» BRIEF
A copy of the listing below is needed, exact in every line and without images.

» PROVIDED DATA
---+---
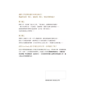 遠距工作,不只是一種工作選擇,而是能讓你藉由彈性規畫,找回人生掌控權的生活選擇,如果你也對遠距工作充滿好奇,想要一探究竟,Zoey這本書絕對能從各個面向協助你,幫你脫離框架,創造專屬於你的生活!
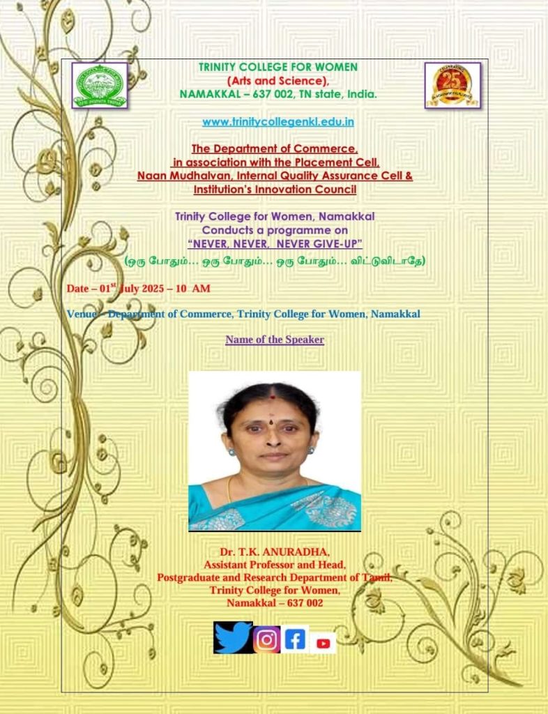 The Department of Commerce, in association with the IQAC, IIC, Placement Cell and Naan Mudhalvan, Trinity College for Women, Namakkal organized a programme titled “Never, Never, Never Give-up” (ஒரு போதும்……. ஒரு போதும்……. …… ஒரு போதும்……. .விட்டுவிடாதே) on 01st July 2025.
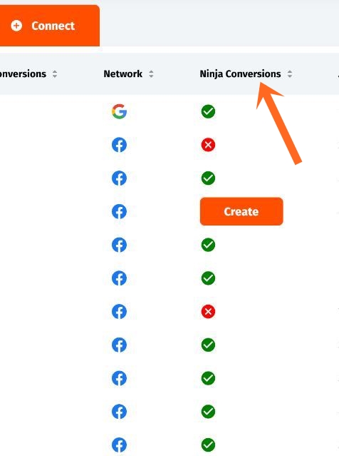 Now, in the case of Facebook, the ninja conversions verify pixel connection in your accounts. If pixels are absent, you can click the “create” button to generate your own unique pixel easily.
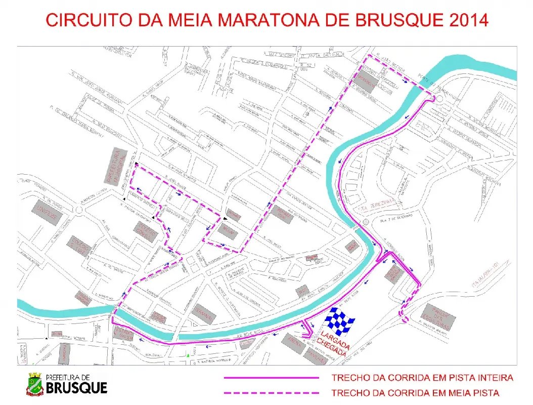 Devido à Meia Maratona de Brusque que será realizada neste domingo (26), algumas ruas da cidade estarão interditadas e outras em meia pista. Os motoristas devem ficar atentos à sinalização e orientação dos profissionais de segurança.
---+---
» OUTPUT FOR THIS TASK
 遠距工作,不只是一種工作選擇,而是能讓你藉由彈性規畫,找回人生掌控權的生活選擇,如果你也對遠距工作充滿好奇,想要一探究竟,Zoey這本書絕對能從各個面向協助你,幫你脫離框架,創造專屬於你的生活!
 The Department of Commerce, in association with the IQAC, IIC, Placement Cell and Naan Mudhalvan, Trinity College for Women, Namakkal organized a programme titled “Never, Never, Never Give-up” (ஒரு போதும்……. ஒரு போதும்……. …… ஒரு போதும்……. .விட்டுவிடாதே) on 01st July 2025.
 Now, in the case of Facebook, the ninja conversions verify pixel connection in your accounts. If pixels are absent, you can click the “create” button to generate your own unique pixel easily.
 Devido à Meia Maratona de Brusque que será realizada neste domingo (26), algumas ruas da cidade estarão interditadas e outras em meia pista. Os motoristas devem ficar atentos à sinalização e orientação dos profissionais de segurança.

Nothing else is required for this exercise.